Japan's shift from decades of low rates to fighting inflation shows a turning point, useful context for a colleague tracking global monetary policy changes.

Japan hikes rates to 31-year high Story flow and key facts
The Bank of Japan raised its key interest rate to 1% in June 2026, the highest level in 31 years, signaling a major shift from decades of near-zero rates aimed at combating deflation. The hike reflects growing inflationary pressure fueled by rising global energy prices, particularly due to geopolitical tensions involving Iran, which have increased costs for energy-import-dependent Japan. While overall inflation stood at 1.4% in April, below the BOJ's 2% target, wholesale prices rose more than 6% year-on-year in May, the fastest pace in three years. The central bank also aims to stabilize the yen, which has weakened against major currencies like the US dollar and euro.
Facts
- Bank of Japan raised its policy rate to 1% in June 2026, the highest since 1995.

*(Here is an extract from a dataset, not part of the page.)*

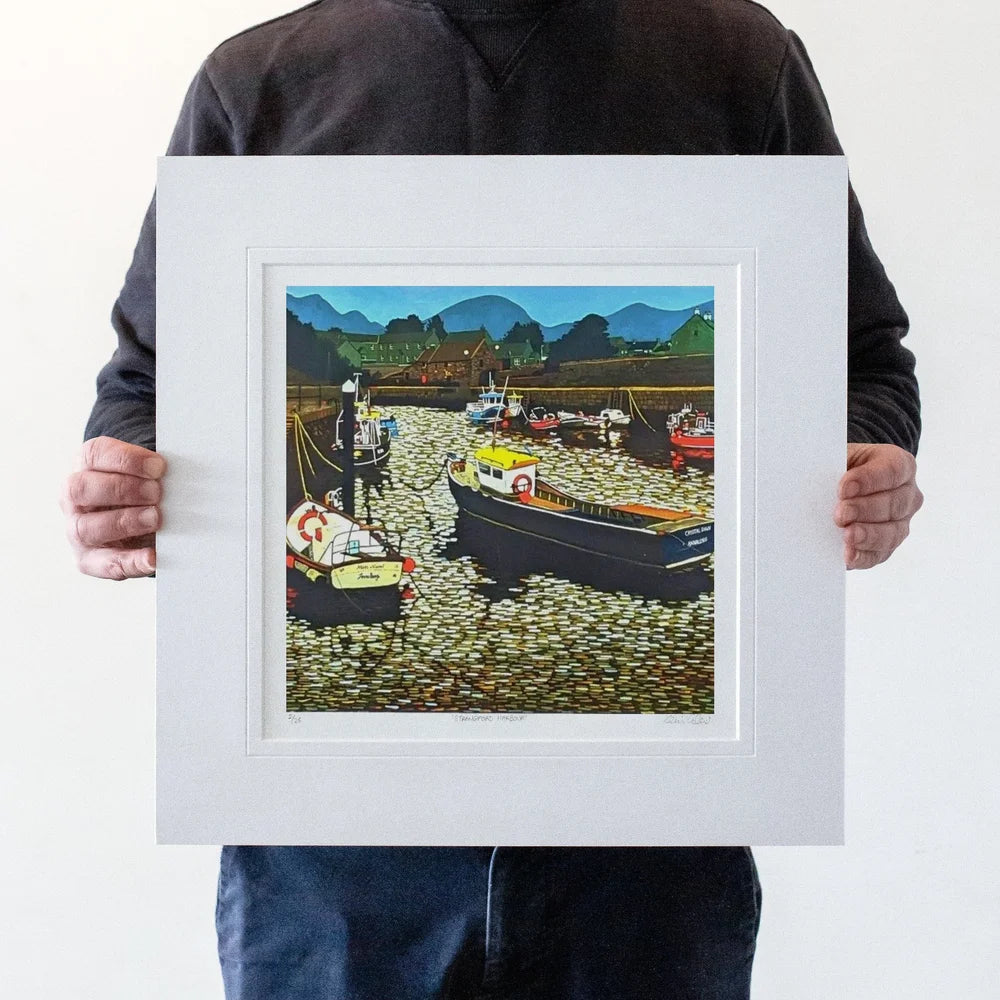 Stunning print of the Annalong Harbour based on a original acrylic painting by Kevin Collins. With a background in handloom weaving, his brush strokes emulate the warp and weft of weaving, resulting in a textural and woven appearance.
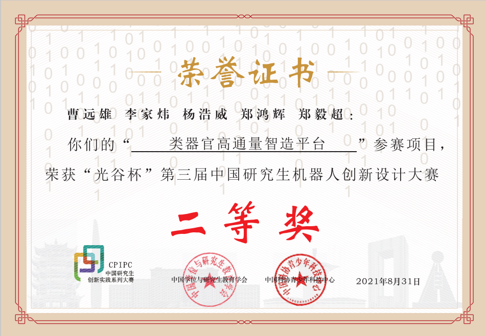 mk(中国)网9月15日电 近日,“光谷杯”第三届中国研究生机器人创新设计大赛总决赛举办,来自全国73家培养单位的172支队伍在初赛中脱颖而出,会师巅峰之战。由mk手机注册深圳国际研究生院生物医药与健康工程研究院、清华-伯克利深圳学院(TBSI)精准医学与公共健康中心马少华副教授课题组的2019级硕士研究生曹远雄、2020级硕士研究生杨浩威和李家炜、2019级博士研究生郑毅超、2020级博士研究生郑鸿辉组成的团队凭借参赛作品“类器官高通量智造平台”项目获得医疗健康专项组二等奖。

- Inflation was 1.4% in April 2026, below the BOJ's 2% target, but wholesale prices rose over 6% in May.
- The rate hike is the second since Prime Minister Sanae Takaichi took office and follows a gradual tightening since March 2024.
- Geopolitical tensions involving Iran have driven up energy prices, impacting Japan's import costs.
- BOJ Governor Kazuo Ueda did not attend the meeting due to hospitalization for an infected liver cyst.